If his claim holds, then SocGen’s prospects look brighter than they did three months ago. Underlying revenue rose by 4 percent in the third quarter, mostly due to a robust performance from its international retail banking business, including Russia, and a solid French market. That helped lift the bank’s annualised return on tangible equity above the presumed 10 percent hurdle at which it creates value for shareholders.

Crucially, SocGen avoided mishaps on the trading floor. Like domestic rivals BNP Paribas BNPP.PA and Credit Agricole, its investment banking unit lagged behind U.S. rivals in revenue terms in the first half. But in the three months to September the division boosted net income by 6 percent year-on-year, helped by a 19 percent jump in equity trading revenue and a flat top line in fixed income.

If SocGen can sustain that performance for more than one quarter, it should escape its value trap. Analysts expect the bank to earn 4.93 euros per share next year. That’s equivalent to a 9 percent return on SocGen’s current tangible equity.
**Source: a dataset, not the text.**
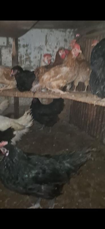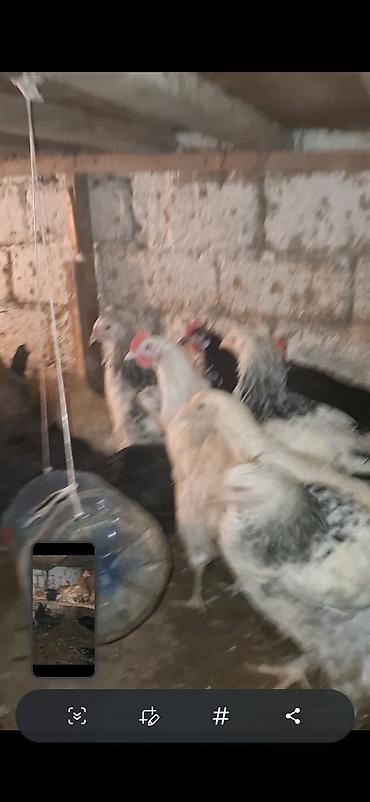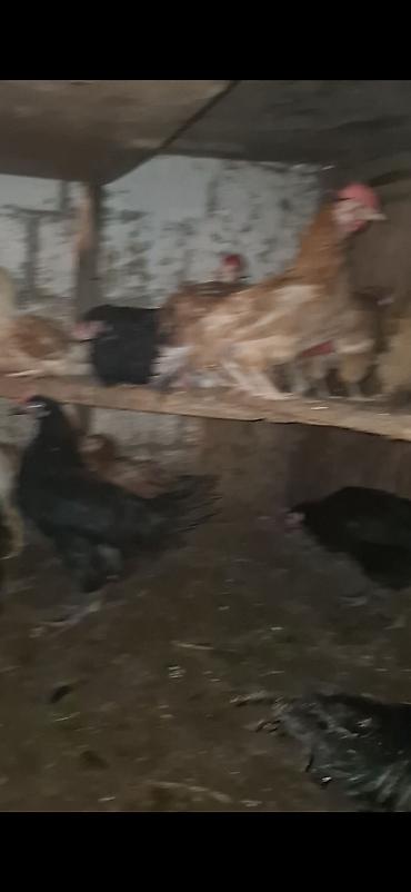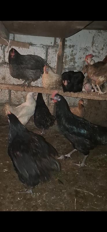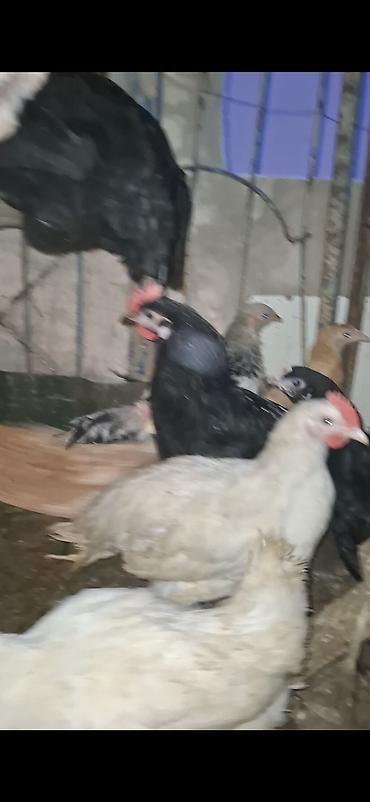 - Müxtəlif rəng və cinslərdən olan toyuqlar (qara, ağ və qəhvəyi rəngdə).
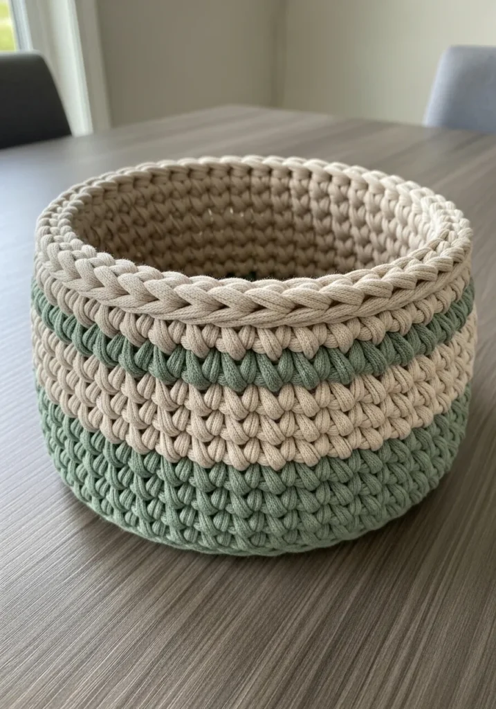 This chic storage solution features a sophisticated palette of muted sage green and warm sandy beige stripes. The basket is worked with a super-thick t-shirt yarn or cotton cord, which gives it an incredibly sturdy and upright structure that won’t flop over. Its design showcases a beautiful waistcoat stitch that mimics the look of knit fabric while providing a dense and durable wall. The rim is finished with a chunky braided edge that adds a high-end touch to the overall organic and minimalist aesthetic.

Yet even after a 3.5 percent jump on Thursday morning the lender’s shares are still valued at 35 percent less than its tangible book value. The long-awaited settlement and a more consistent performance by its traders would close the gap.

 

CONTEXT NEWS

- Société Générale on Nov. 8 reported net income of 1.2 billion euros in the third quarter, up 32 percent from the same period a year earlier, on revenue up 10 percent year-on-year to 6.5 billion euros. Underlying net income, which excludes one-off charges and a revaluation of certain assets, was up 19 percent year-on-year.

- The Paris-based lender reported annualised return on tangible equity of 10.9 percent for the quarter, compared with 8.1 percent a year earlier.

- Its common equity Tier 1 capital ratio at the end of September was 11.2 percent, 8 basis points higher than three months earlier.

- Chief Executive Frederic Oudea said the bank had “put an end to the financial impact” of ongoing litigation with US authorities. The lender announced an additional 136 million euros in provisions for legal disputes, bringing the total it has set aside to 1.58 billion euros.

- Shares in Société Générale were up 4 percent at 34.4 euros by 0915 GMT on Nov. 8.